Today I look back and wonder why I put up with the abuse for so long but I think self-conceived fear had a lot to do with it. Threat of divorce or loneliness or failure can be magnified in someone's mind to the point of being absurd. But I've been on this site for over 7 1/2 years and it is still being played out - over and over again.
We often say, "Don't put DH in the middle" or "Lower your expectations" when the best solution is for DH to BE in the middle and for us to heighten our expectations of DH.
Yep, I always say people don
Yep, I always say people don’t think a dad should be put in the middle of his OWN divorce or fallout from that. . . But, on the other hand, a SM (his wife) is supposed to put in the middle of SOMEONE ELSE’s divorce!?

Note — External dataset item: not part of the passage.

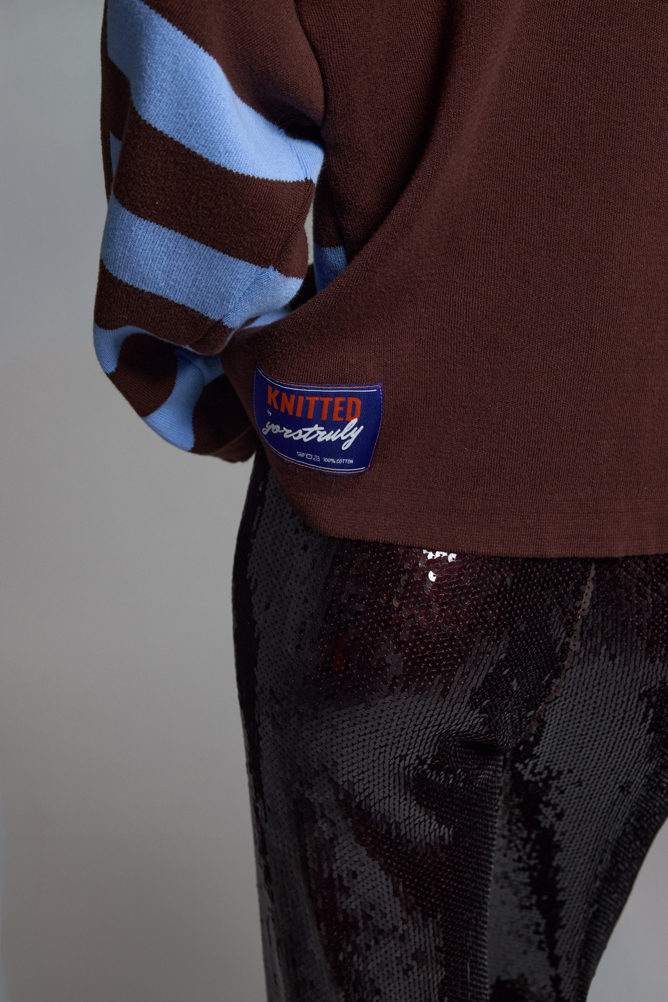 Bu kahverengi ve mavi geniş çizgili triko, spor bir siluetle zamansız bir renk kontrastını bir araya getiriyor. Yumuşak dokusu ve oversize kesimiyle rahat bir duruş sunarken, düğmeli yaka detayı tasarıma nostaljik bir karakter kazandırıyor.

I categorize all of those nonsensical attempts to keep SM in her place, on the bottom rung, type sayings such as, “Suck it up,” “Take the high road,” “Don’t put your DH in the middle,” “Lower your expectations,” etc. all in the same category. They are all sayings to imply it is more or less SM’s actions, thoughts or feelings that are all wrong; she is the one with the problem or issue. DH, BM, SKs, on the other hand, can all act however they want, even to the point of cruelty, and they are doing nothing wrong—they are somehow justified for their actions, “suffering” as divorced parents or COD.
As a sociologist, what I find even more amazing is how SPs, SMs in particular, are supposed to lap all this up and put up with same type of mantras that abused women have been told for years, such as, “1. You are expecting too much. 2. They don’t really mean it. 3. That’s just the way it is. 4. It could be worse. And, 5. Just stick it out and things will change." Etc. This is the type of blow-off crap that women were told for years to keep them kowtowing to their husbands and families. In the year 2018, women are supposed to know better now. No one is supposed to be using or buying these types of excuses. EXCEPT for SMs! For some reason, society still expects SMs (dad's wife) to buy this same type of blow-off crap that was used to greatly diminish abused women and smother their genuine concerns for years!! I don’t know about anyone else, but that’s not happening for me.
I never connected those dots
Idvilen—Your analogy to abusive relationships is spot on. I am not suggesting that there is violence here. Rather it is about the power play that requires women to just accept an impossible situation because it is not going to change. It is about power and control. And we fall for it. The “wicked SM” title gets foisted upon us. We try everything to make it work, forgetting that the best predictor of future behavior is past behavior.
I am bringing this 2018 forum
I am bringing this 2018 forum topic back to the top of the pile- it is really GOOD and for those who have felt ab used, always put in lose-lose positions and unappreciated - this is really sage advice and a reminder of what we put up with and how it's abusive.
Thanks for floating this
Thanks for floating this topic.
Categorize and confront people based on their actions and never be fooled by their words. When their words or actions are toxic.... bare their asses, go for their throats (figuratively) while putting and keeping them in their place. A true equity life partner mate, will be front and center in that activity. Even when the toxic are their failed family progeny, Xs, or parents, sibs, etc....
Yes! The actions Rags, it's
Yes! The actions Rags, it's all about the actions. Recently one of my SKIDs did something mean to me- he never owned up to it and his dad called him on it. He gave his dad a weak apology and never actually apologized ot me. DH said, SEE he is sorry! And my response? Nah, if he was actually sorry his actions would be to tell ME he is sorry. Weak.